Identified Gap	Gap Description
EVSE Charging Infrastructure Lacks Cybersecurity Best Practices	The EV industry does not have secure software design and development methodology guidance to design and build “secure” EVSE capabilities. Purchasing agents who buy EVSEs do not typically specify cybersecurity protections (e.g. secure OTA firmware update capability, authentication) for their EVSE products due to lack of EVSE cybersecurity guidelines for the EVSE acquisitions.
End-to-End EV and Charging Infrastructure Lacks a Trust Model	There is no consensus on end-to-end trusted communication standards for securing communications between the electric vehicle and the charging infrastructure.
EV/Charging Infrastructure Lacks Cybersecurity Testing	There is a lack of formal cybersecurity testing and assessment applied to the entire EV charging infrastructure.
Wireless Chargers Lack Common Cybersecurity Guidelines	Light passenger EVs, electric buses and electric trucks have similar wireless charging communications paths, and none of them have guidance on the unique cybersecurity requirements specifically for wireless charging.
EV Over-the-Air (OTA) Infrastructure Update Capability Is Immature	Current EV infrastructure (i.e. EVSEs, Smart Meters, Advanced Metering Infrastructure-AMI, Demand Energy Response equipment, etc). OTA update capability is immature and insecure and vulnerable to cyberattacks. Insecure legacy equipment will need to be addressed at the same time as new EV equipment is designed to have better and more secure OTA capabilities.
Commercial EVSE Lack of Common Physical Security Guidelines	Physical damage to commercial EVSEs can result in nonoperational units which could have an adverse effect on consumer confidence in EVs in general. Some types of physical damage whether intentional or not, may expose the public to harmful electric current levels. There is a lack of common Physical Security Guidelines for Commercial EVSE Physical Security.

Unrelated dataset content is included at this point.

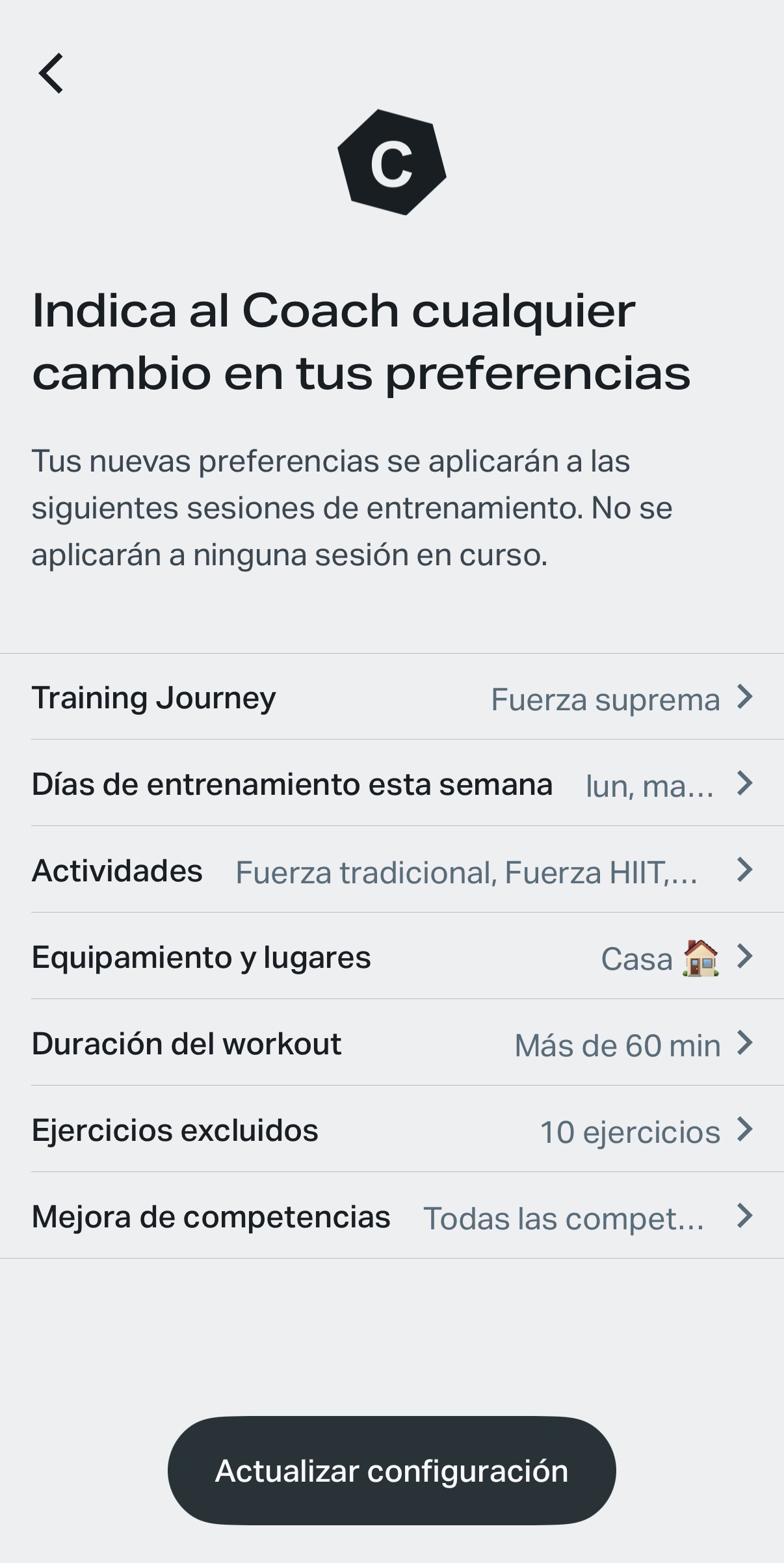 - Modifica sesiones si entrenas cansado, con poco tiempo o vienes cargado

Throughout the technical meeting, participants particularly focused on two of these gaps as critical for government and industry to address:

1.The lack of security best practices for EVSE charging infrastructure
2.The lack of an end-to-end trust model for validating communications

Addressing these critical gaps should help focus and frame coordination between the relevant stakeholders in the energy, transportation, and communication sectors.